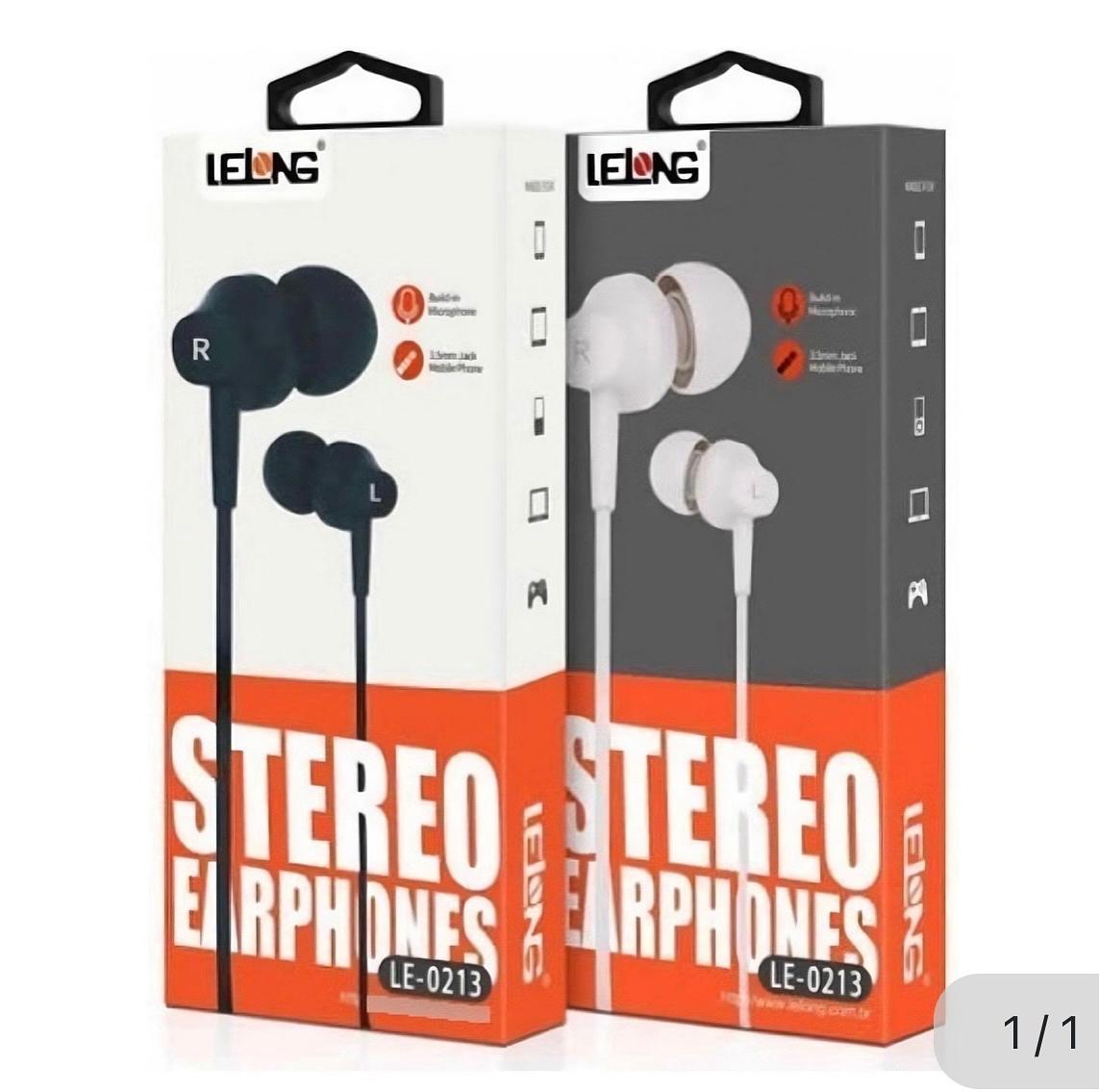 fone com fio com borrachinha lelong 0213 caixa fechado com 200pcs
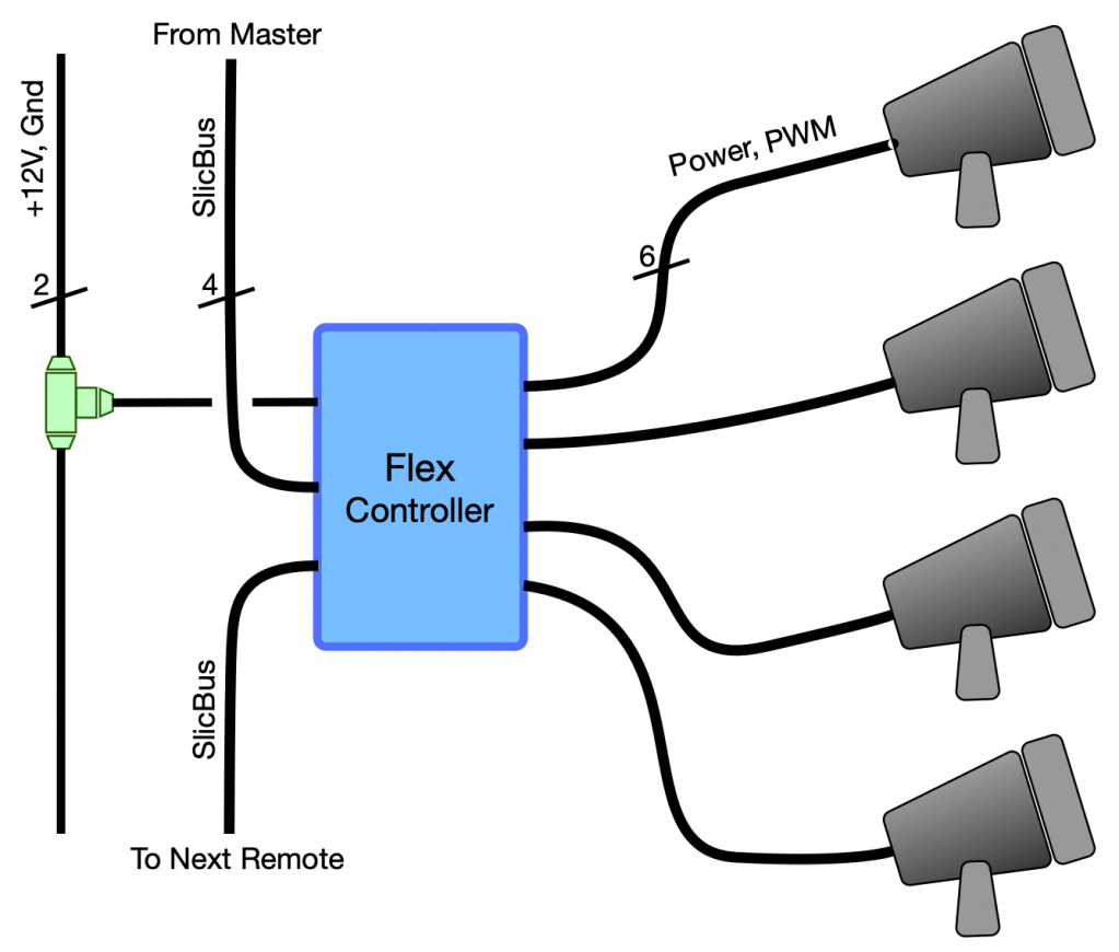 The diagram at right shows the Flex controller connections in the “max Fido” configuration. Note that the 2-conductor power cable (likely to be 18 AWG in most applications), is tapped to provide a stub connection to each of the Flex boards. I chose this approach to avoid routing the power lines though the Flex PC board. In previous projects, I’ve used this IP68 3-way junction device. It’s a bit expensive, but has worked week for me.
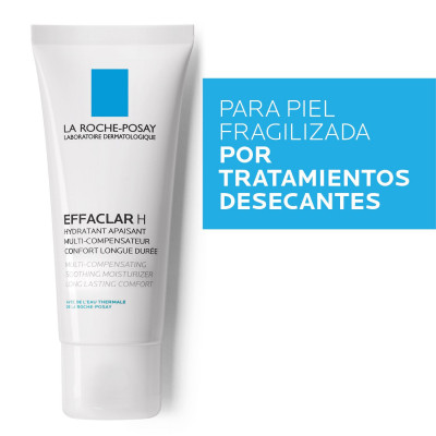 Effaclar H de La Roche-Posay es una hidratante calmante multi-compensadora, especialmente formulada para pieles grasas con acné fragilizadas por tratamientos desecantes tales como isotretinoína oral. Calma e hidrata la piel, devolviéndole todo el confort.Eficacia probada: • Desde la primera aplicación, calma la piel intensamente y recupera el confort y la elasticidad. Las zonas secas, las rojeces y las escamas se reducen de manera visible; la piel está más lisa al tacto. • Se reduce un 64% la sequedad de la piel*.Formulación experta: • MP-LÍPIDOS: Nueva generación de lípidos que ayudan a reconstruir la barrera de la piel en sus diferentes dimensiones, devolviéndole la hidratación. • NIACINAMIDA + BOSABOLOL: Antiinflamtorio. Calma intensamente y reduce la inflamación producida por las lesiones, a la vez que reduce la sensación de quemazón, recuperando el confort y la elasticidad de la piel. Fórmula testada en pieles con tendencia acnéica en combinación con tratamientos desecantes. No comedogénica. Acabado no graso.Consejos de uso: Aplicar mañana y/o noche, 7 días a la semana. • Aplicar Effaclar H hidratante calmante multi-compensadora sobre todo el rostro después de limpiar la piel con Effaclar H Crema Limpiadora. • Su textura crema se aplica de forma fácil. Rápida absorción. • Acabado no graso y no pegajoso que compensa los efectos secundarios, tanto visibles como experimentados, de los tratamientos desecantes acti-acné. • Evitar el contorno de ojos. Si entra en contacto con éstos, aclarar abundantemente con agua.*Evaluado dermatológicamente. Encuesta de resultado dermatológico en 30 pacientes tomando de manera oral Isotrerinon durante al menos un mes. Resultados después de 4 semanas de uso.
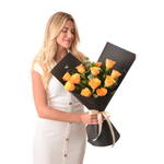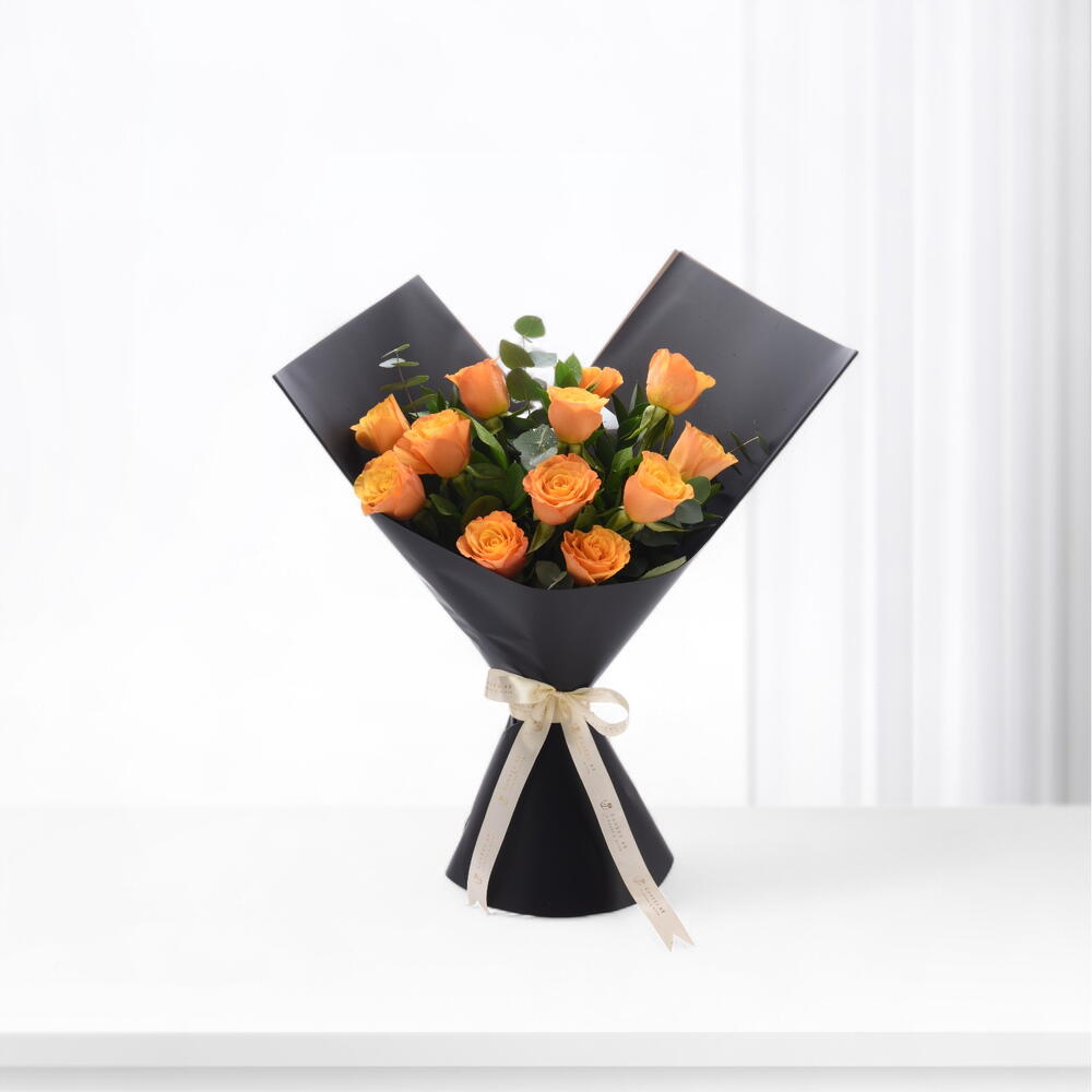 Преобразите ваши моменты с этим изысканным моно-букетом, художественно составленным из 12 завораживающих оранжевых роз. Яркие, пылкие оттенки роз прекрасно контрастируют с 12 успокаивающими зелёными веточками рускуса, символизирующими мир и спокойствие. В сопровождении 3 ароматных веточек эвкалипта этот букет — не только визуальное удовольствие, но и настоящее ароматическое наслаждение. Идеальный подарок или личное удовольствие для любого случая, этот букет непременно оживит любую комнату и создаст незабываемые воспоминания.
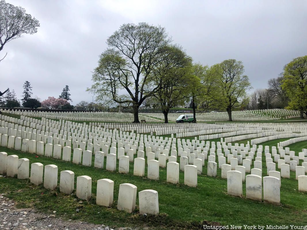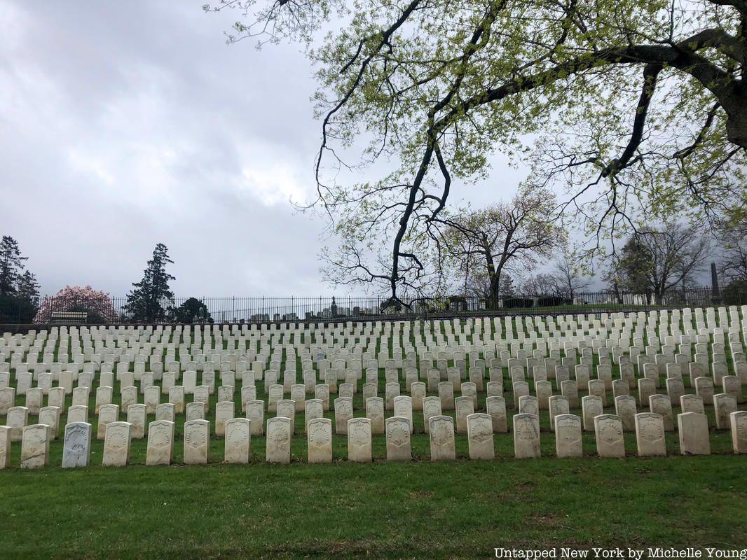 Cypress Hills Cemetery, a non-sectarian burial ground that stretches into both Queens and Brooklyn, is not only the final resting spot of famous New Yorkers like Jackie Robinson and Mae West, but it is also home to the remains of soldiers who fought in conflicts from the American Revolution through to Operation Iraqi Freedom. Eighteen acres comprised of three separate areas on the Brooklyn side of the private cemetery are designated as Cypress Hills National Cemetery, a historic military cemetery owned by the federal government. This cemetery is the only military cemetery in New York City, and it predates Arlington National Cemetery by two years. In the National Cemetery, you will find neat rows of white headstones denoting where brave Veterans of the past four centuries have been laid to rest.
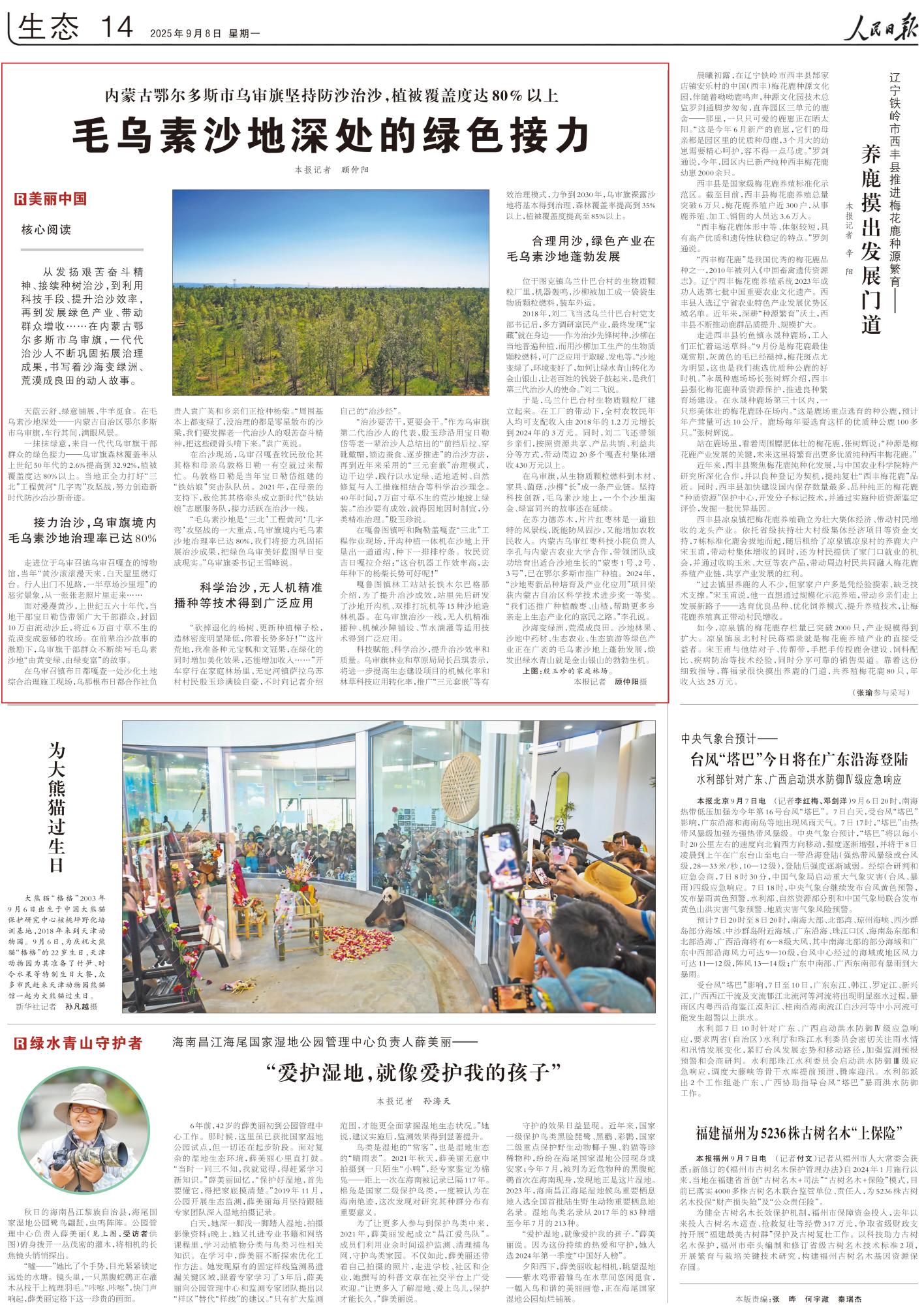 2025年9月8日《人民日報》第14版刊發(fā)了《內(nèi)蒙古鄂爾多斯市烏審旗堅持防沙治沙,植被覆蓋度達80%以上 毛烏素沙地深處的綠色接力》的文章,報道了在內(nèi)蒙古鄂爾多斯市烏審旗,一代代治沙人不斷鞏固拓展治理成果,書寫著沙海變綠洲、荒漠成良田的動人故事。沙地林果、沙地中藥材、生態(tài)農(nóng)業(yè)、生態(tài)旅游等綠色產(chǎn)業(yè)正在廣袤的毛烏素沙地上蓬勃發(fā)展,煥發(fā)出綠水青山就是金山銀山的勃勃生機。
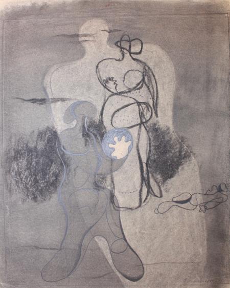 Kohle gewischt mit Bleistift und Ritzkonturen auf Zeichenkarton
# # # # # # #
» **Problem statement**:
Leaving the pictures out, transcribe word for word the lines from the one with "2025年9月8日《人民日報" to the end of the material above, inclusive, and nothing else.

» **Answer space**:
 2025年9月8日《人民日報》第14版刊發(fā)了《內(nèi)蒙古鄂爾多斯市烏審旗堅持防沙治沙,植被覆蓋度達80%以上 毛烏素沙地深處的綠色接力》的文章,報道了在內(nèi)蒙古鄂爾多斯市烏審旗,一代代治沙人不斷鞏固拓展治理成果,書寫著沙海變綠洲、荒漠成良田的動人故事。沙地林果、沙地中藥材、生態(tài)農(nóng)業(yè)、生態(tài)旅游等綠色產(chǎn)業(yè)正在廣袤的毛烏素沙地上蓬勃發(fā)展,煥發(fā)出綠水青山就是金山銀山的勃勃生機。
 Kohle gewischt mit Bleistift und Ritzkonturen auf Zeichenkarton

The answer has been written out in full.